Available data:
- - - -

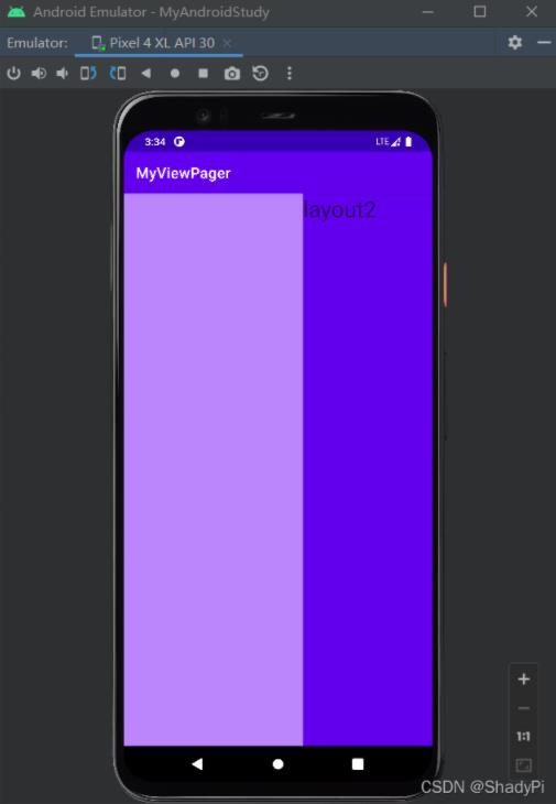 <?xml version="1.0" encoding="utf-8"?> <LinearLayout xmlns:android1="http://schemas.android.com/apk/res/android" android1:layout_height="match_parent" android1:layout_width="match_parent" android1:background="@color/purple_500" android1:orientation="vertical"> <TextView android1:textSize="30sp" android1:text="layout2" android1:layout_width="wrap_content" android1:layout_height="wrap_content"/> </LinearLayout>
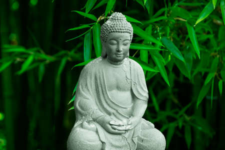 Portrait of a buddha statue before a bamboo background. Sign for peace and wisdom
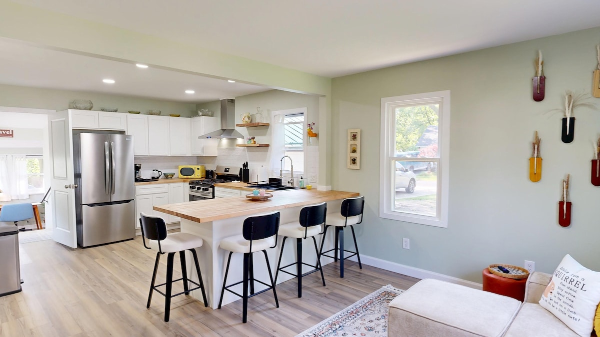 Plush, neutral, and cozy 2br bungalow awaits. With the ability to host 5 guests, your comfort is always top of mind. The 1st flr features new fold out couch, 55in Roku TV w/ Sling included. High Speed Fiber Internet, Dedicated work space! 2 brs on main flr w/ new memory foam beds (Q) & (Q). Finished rm in basement w/ additional couch & washer/dryer. Keurig Coffee. Large fenced in yard backs up to paved walking path - this home is purrrrfect for pets. Close to UT, Toledo Hosp. & suburbs.
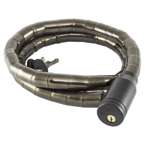 Kerékpár lakat (kábelzár). A bevont acélkábel ellenállóbb a vágó támadásokkal szemben. Minőségi zárszerkezet, 2 db kulccsal.

- - - -

Problem details:
Leave every picture out and print exactly the lines from the one that contains "Portrait of a" through the last line of the material above.

Exercise answer:
 Portrait of a buddha statue before a bamboo background. Sign for peace and wisdom
 Plush, neutral, and cozy 2br bungalow awaits. With the ability to host 5 guests, your comfort is always top of mind. The 1st flr features new fold out couch, 55in Roku TV w/ Sling included. High Speed Fiber Internet, Dedicated work space! 2 brs on main flr w/ new memory foam beds (Q) & (Q). Finished rm in basement w/ additional couch & washer/dryer. Keurig Coffee. Large fenced in yard backs up to paved walking path - this home is purrrrfect for pets. Close to UT, Toledo Hosp. & suburbs.
 Kerékpár lakat (kábelzár). A bevont acélkábel ellenállóbb a vágó támadásokkal szemben. Minőségi zárszerkezet, 2 db kulccsal.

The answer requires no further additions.